Every step constricts Dream’s lungs a little more, impossibly so when George sits down on the couch, a few feet from where he’s still seated.
His eyes look tired but he doesn’t look angry, or like he’s about to swear at Dream for being such an idiot, which is already better than Dream had been preparing himself for, so he accepts that as a sliver of hope. He also hates his brain a little bit for reminding him that George looks pretty in the evening light.
George exhales, and then looks at him.
“George,” He stumbles, hopes, apologies tumbling from his tongue before George gets the chance to even begin speaking. “George, I’m so sorry, that was stupid, I know it was stupid-”
“Please stop talking,” He says.
“Okay,” Dream breathes. His heartbeat hasn’t slowed in the slightest, but he stops, and he listens.
George looks down at his hands, before looking up at Dream with a strange expression. Dream doesn’t know how afraid he should be.
“You know, I’ve been thinking about that night a lot- because maybe we were too tired to think straight, and it didn’t feel real, what we were doing. You, touching me,” His eyes flicker away briefly.
“Is that a bad thing?” Dream’s voice has dropped to a near whisper.
“No,” George says. “It’s not a bad thing, and that’s the problem,”
Dream finds himself moving closer to George; a little relieved when he doesn’t protest.
“That’s the problem?” He repeats quietly.
George looks at him now, more intensely than he’s ever been looked at before, and says, “Can I say something?

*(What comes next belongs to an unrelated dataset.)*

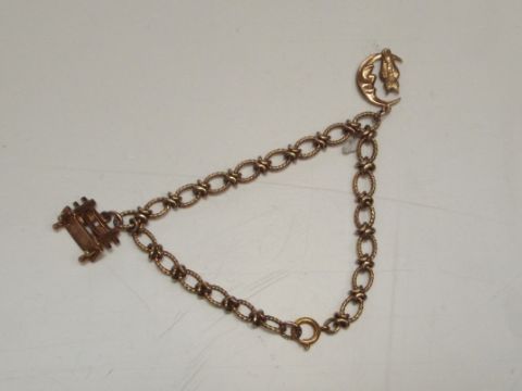 9ct gold charm bracelet with 3 charms. Approx 12 grams
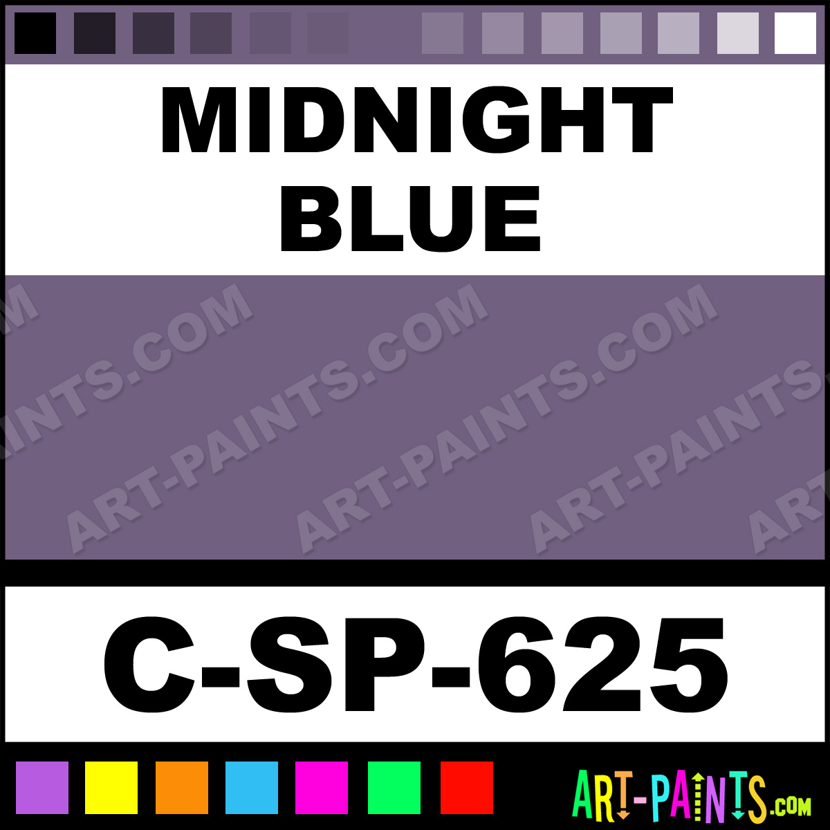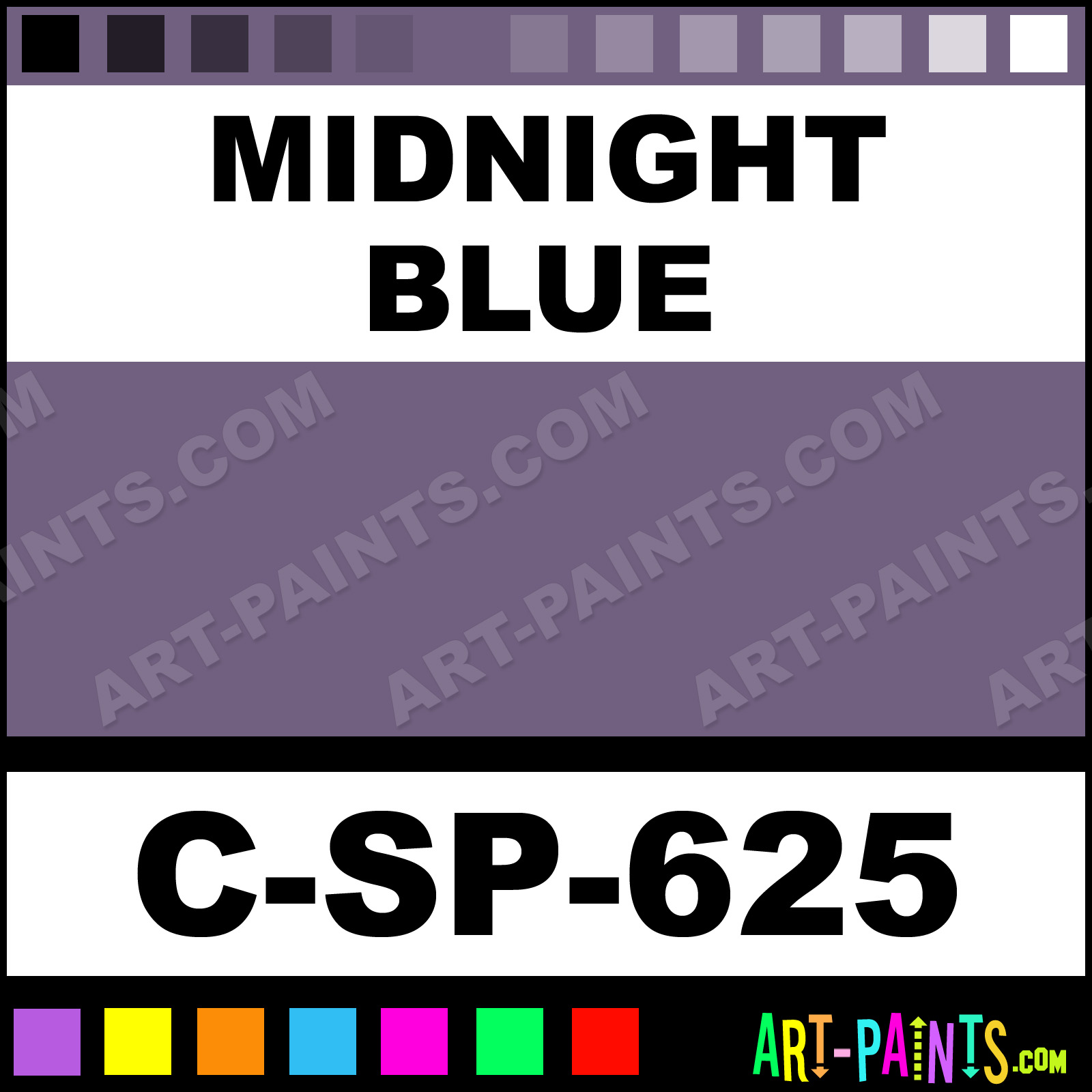 This beautiful 600 Series Underglaze Ceramic shade is called Midnight Blue, and comes from a company called Spectrum. Their product number, along with the HTML color code, RGB, and CMYK codes are listed below. This Beautiful Shade of Midnight Blue and others can be found in the Spectrum 600 Series Underglaze Art Paint Gallery! Also be sure to browse through the other wonderful Professional Color Galleries to see more of Spectrum 600 Series Underglaze Ceramic Porcelain, Pottery, Bisque, Greenware Brand Paints and other Paint Manufacturers. And as always, Paint Paint Paint! -Art-Paints.com

Honestly?”
“Wait. George, before you say anything, there’s something you should know.” He says quickly, panicked, because he has every reason to believe that the next words out of George’s mouth will be the last that he ever speaks to him, and he can’t let that be the way this ends.
George opens his mouth to protest, but Dream shakes his head and says, “I love you,”
George’s eyes widen. He doesn’t respond right away, and Dream can’t take the silence.
He keeps going.
“I love you, and I want you. I want to kiss you, and I want to spend every second with you, and I think we could do this- I think you could love me too and we could love each other and I just need you to know that because I mean it. I mean every word of it, George, and if you want to never speak to me again that’s okay-”
Dream has barely a moment to pause for breath before George leans forward and kisses the words from his lips.
Oh.
He gasps a little, and his eyes flutter closed, one hand pulling George closer.
I love you, I love you, I love you, I love you.
Teeth scrape his, and he sighs against George’s lips. Warmth blooms in his chest and reaches his cheeks.
He doesn’t want to pull away and he thinks he never will until he has to pause for air, eyes still closed and forehead resting against George’s, a hand twisting into his shirt.
“I’m sorry I didn’t do this sooner,” George whispers.
Dream chooses to gently lift his chin and kiss him again in response, softer than before, a smile tugging at his lips. Fire dissipates in his chest, giving way to something new, gentle and sweet and golden, and he’s never been more grateful for how easily George is able to melt his heart.
Golden hour is quickly dissipating and the house is becoming cast with shadow, but warmth has found a home in his chest, and it doesn’t leave with the sun like it usually does, flickering anew every time his eyes wander over to George.
Dream considers that maybe it’s here to stay.